:: EXTRACTED RECORDS ::

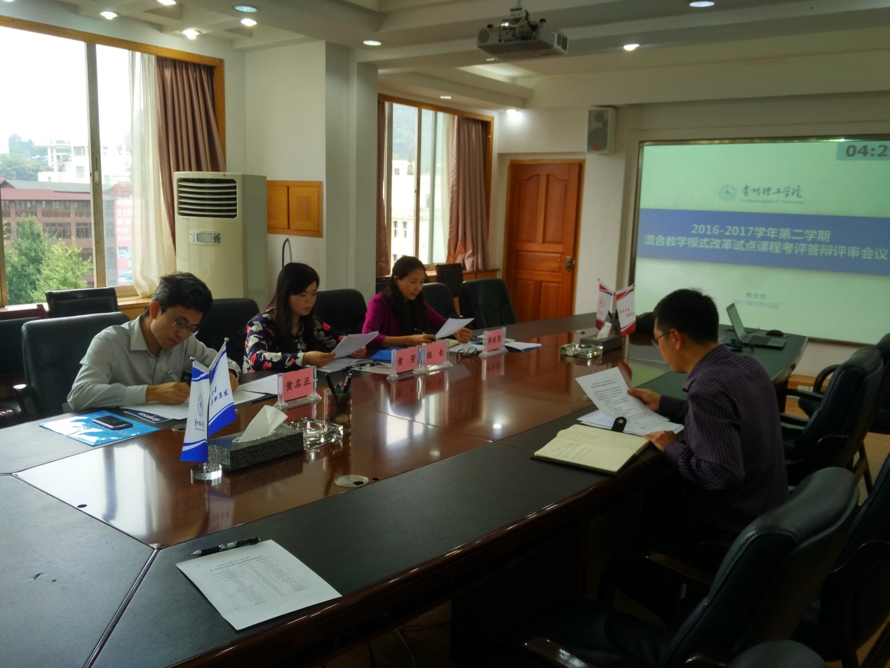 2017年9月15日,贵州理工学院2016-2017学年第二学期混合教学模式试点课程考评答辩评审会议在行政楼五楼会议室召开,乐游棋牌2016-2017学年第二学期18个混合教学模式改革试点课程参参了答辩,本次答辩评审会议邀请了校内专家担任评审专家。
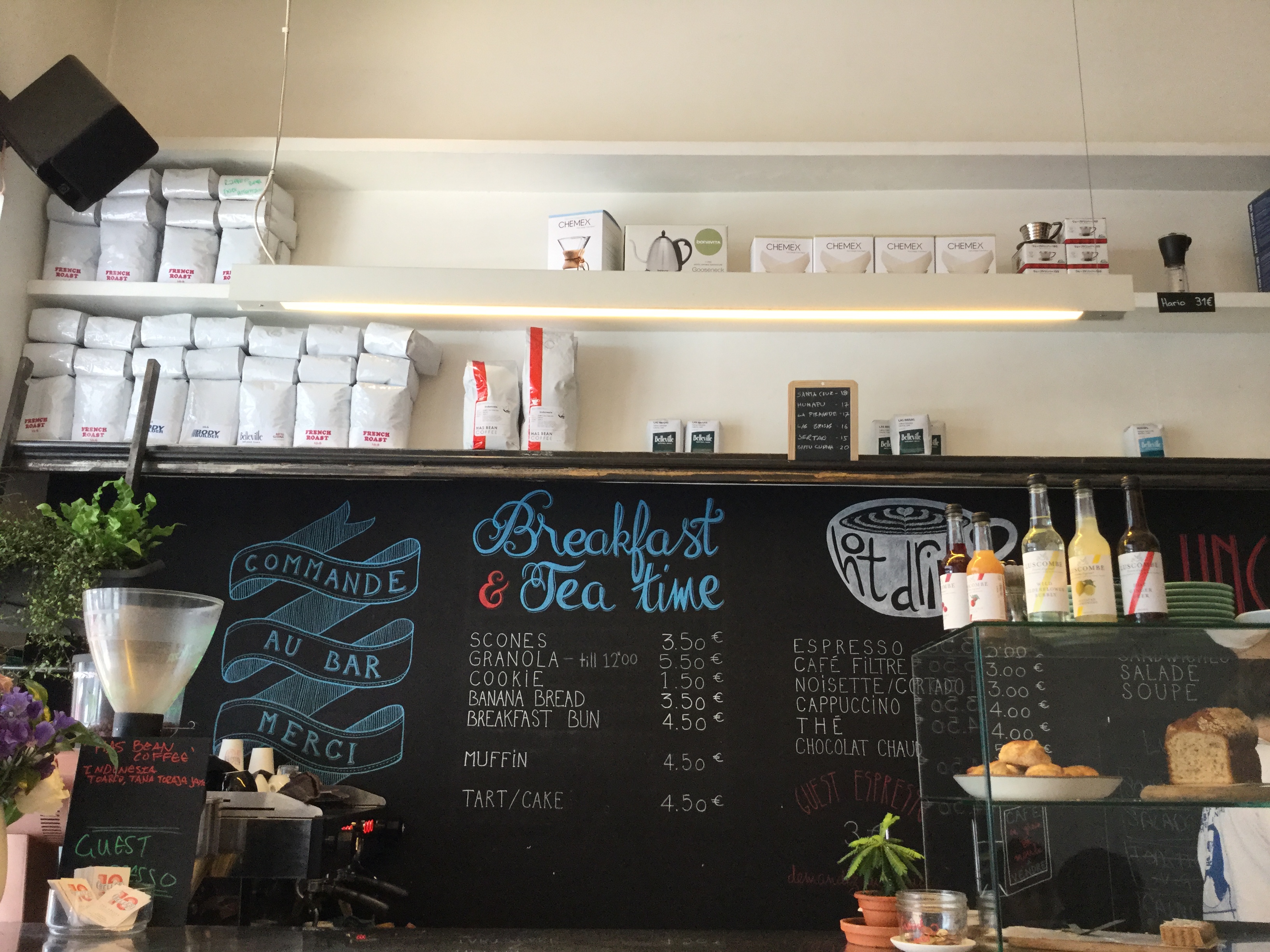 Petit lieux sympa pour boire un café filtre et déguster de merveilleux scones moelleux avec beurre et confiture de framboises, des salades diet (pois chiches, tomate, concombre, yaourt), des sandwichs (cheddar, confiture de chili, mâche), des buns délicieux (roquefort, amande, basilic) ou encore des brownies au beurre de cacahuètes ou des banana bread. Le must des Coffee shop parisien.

--

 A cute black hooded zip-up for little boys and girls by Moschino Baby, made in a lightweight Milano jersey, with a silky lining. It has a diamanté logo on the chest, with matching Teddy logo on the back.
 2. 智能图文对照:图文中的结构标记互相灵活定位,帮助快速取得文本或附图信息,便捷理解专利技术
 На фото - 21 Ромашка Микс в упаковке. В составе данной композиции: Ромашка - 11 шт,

:: ACTIVITY ::
For this exercise, reproduce exactly the lines of the records above from the one with "2017年9月15日,贵州理" up to and including the one with "Petit lieux sympa", without pictures.

:: SOLVED EXERCISE ::
 2017年9月15日,贵州理工学院2016-2017学年第二学期混合教学模式试点课程考评答辩评审会议在行政楼五楼会议室召开,乐游棋牌2016-2017学年第二学期18个混合教学模式改革试点课程参参了答辩,本次答辩评审会议邀请了校内专家担任评审专家。
 Petit lieux sympa pour boire un café filtre et déguster de merveilleux scones moelleux avec beurre et confiture de framboises, des salades diet (pois chiches, tomate, concombre, yaourt), des sandwichs (cheddar, confiture de chili, mâche), des buns délicieux (roquefort, amande, basilic) ou encore des brownies au beurre de cacahuètes ou des banana bread. Le must des Coffee shop parisien.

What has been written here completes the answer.